Hani havaalanlarında parfümeri reyonları vardır ya... Kokuları denemek için üzerinize ya da kolunuza sıkmaya başlarsınız... Üçüncü ya da dördüncüden sonra artık ne kokladığınızı ayırt edemez hale gelirsiniz, burnunuz koku almaz... İşte tam da öyle.
Bir yazı okuyorsunuz, mantıklı geliyor. Başka bir yerde değişik bir senaryo... E oda mantıklı derken, hadi bambaşka bir hikaye daha...
Bir bakıyorsunuz kaybolup gitmişsiniz, doğru bildiklerinizden de uzaklaşmışsınız.

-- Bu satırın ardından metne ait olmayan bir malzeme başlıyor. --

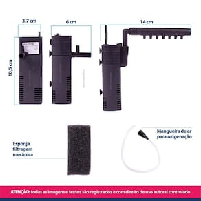 Filtro Sunsun hj-111b interno dupla filtragem com saída comum ou tipo flauta - 200L/h para aquários pequenos de até 40L Os filtros submersos Sunsun, são ideais para quem busca um equipamento prático, de fácil manutenção, confiável e de ótimo custo-benefício, possui saída tipo flauta que auxilia na oxigenação da água, realiza dois tipos de filtragem, biológica e mecânica. Características: Baixo consumo de energia Dupla filtragem Filtro esponja propicia o crescimento de bactérias para filtragem biológica e mecânica Silencioso Resistente Fácil instalação, limpeza e manutenção Possui ventosas para fixação Refil de fácil Ótimo custo benefício Saída tipo chuveirinho que auxilia na oxigenação da água Acompanha mangueira de ar para auxílio na oxigenação Acompanha dois bicos de saída: comum e saída flauta O filtro necessita ficar totalmente submerso Especificações técnica: Marca: Sunsun Modelo: Sunsun hj-111b Potência: 2W Vazão: 200 L/h Hmax: 45cm altura máxima que a bomba consegue elevar a água Indicado para aquários de até: 40L Medidas: 3,7 x 10,5 x 6cm larg x alt x profund Altura total com a flauta: 13cm. Comprimento da flauta: 11,5cm Tamanho do fio: 140 cm Peso: 147g Itens inclusos na embalagem: 1 Bomba Sunsun 1 Filtro com esponja 1 Bico de saída de água comum 1 Saída de água tipo flauta / chuveirinho 1 Mangueira de ar silicone 1 Manual em português Manutenção: Realizar a limpeza da bomba e das esponjas a cada 7 dias. Obrigado pela visita e boas compras ATENÇÃO Nossas imagens e textos são registrados e com direito de uso autoral controlado e reservado a essa loja e as lojas parceiras devidamente autorizadas em contrato. Marca: Não Informado

Herkes aklına yatan bir komplo teorisiyle diğerleriyle didişmeye başlamış... Hayır o öyle değilmiş, böyleymiş... Önemli bir görevde olan çok yakın bir aile dostları demiş ki... Ne çok kişinin önemli yerlerde tanıdıkları varmış!
Ama maalesef hiçbirinin hikayesi bir diğerini tutmuyor.

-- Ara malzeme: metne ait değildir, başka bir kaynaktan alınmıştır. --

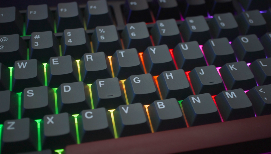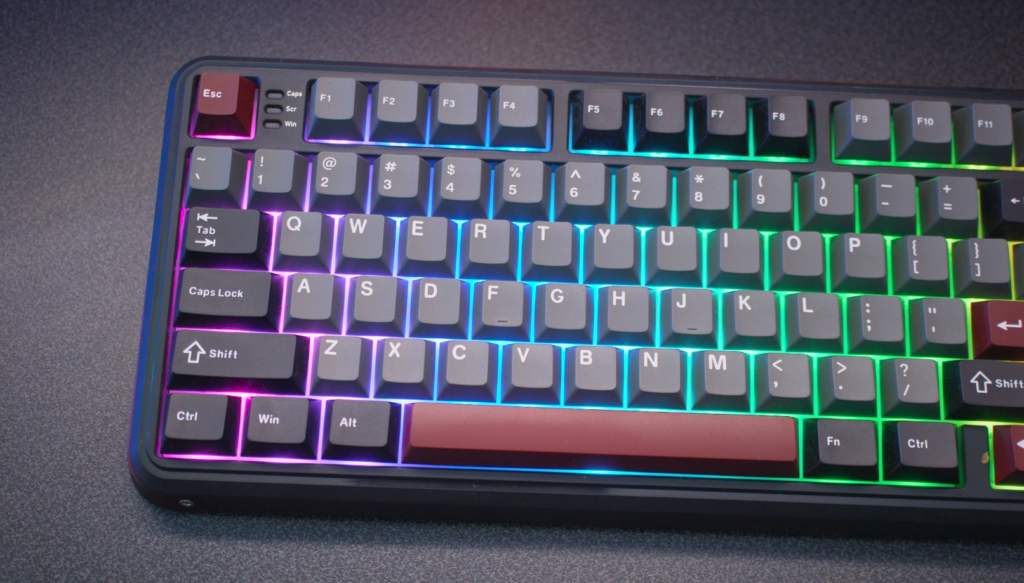 It uses Cherry Profile Double-shot PBT keycaps which look nice and the font looks nice and clean. However, there is no RGG shine through unfortunately making a little harder to see in less than ideal lighting conditions. I haven’t got the best eyesight in the world and I struggled to see the letters under the glow of my monitor screen. It’s a 79 key, 75% compact layout keyboard with a few important function keys down the right hand side and no numberpad, though there is a larger version available that includes the numberpad if that’s what you need.

Gerçek ise muamma olarak bir köşede kalıyor.
Bir süre sonra insan pes edip, gerçeği aramaktan vazgeçip, ne olacağını beklemeye başlıyor.
Sonunda zaten herkes sıkılıp ülkemizin milli lafı olan ve sözün bittiği yerde kullanılan sözü söylüyor.
‘Hayırlısı olsun...’ diyor.
E hadi bakalım hayırlısı olsun.


‘Ana’ mı? ‘Ane’ mi?


Sık kullandığımız ama bakıldığında söylenen söz ile anlamını tam oturtamadığımız bazı atasözleri var.
Mesela ‘’Ana gibi yâr, Bağdat gibi diyar olmaz’’.
Şu sıralar ‘Bağdat’ şarkısı da meşhur ya oradan kafama takıldı herhalde. Geçen gün bir yerde okudum aslı muhtemelen ‘’Ane gibi yar; Bağdat gibi diyar olmaz’’mış.
Buradaki ‘Ane’ kelimesi, Bağdat yakınlarındaki sarp bir uçurumun kuşattığı dik bir geçidin adıymış.
Bağdat gibi güzel şehir, Ane gibi de sarp, ama manzaralı ‘yar’ yani uçurum olmaz, demek isteniyormuş. Ama biz oradaki Ane’yi ana yapmışız. E kötü de olmamış.
Ana gibi yâr olmaz tabii.
Sevgiliniz dahil hiç kimse sizi anneniz gibi sevemez.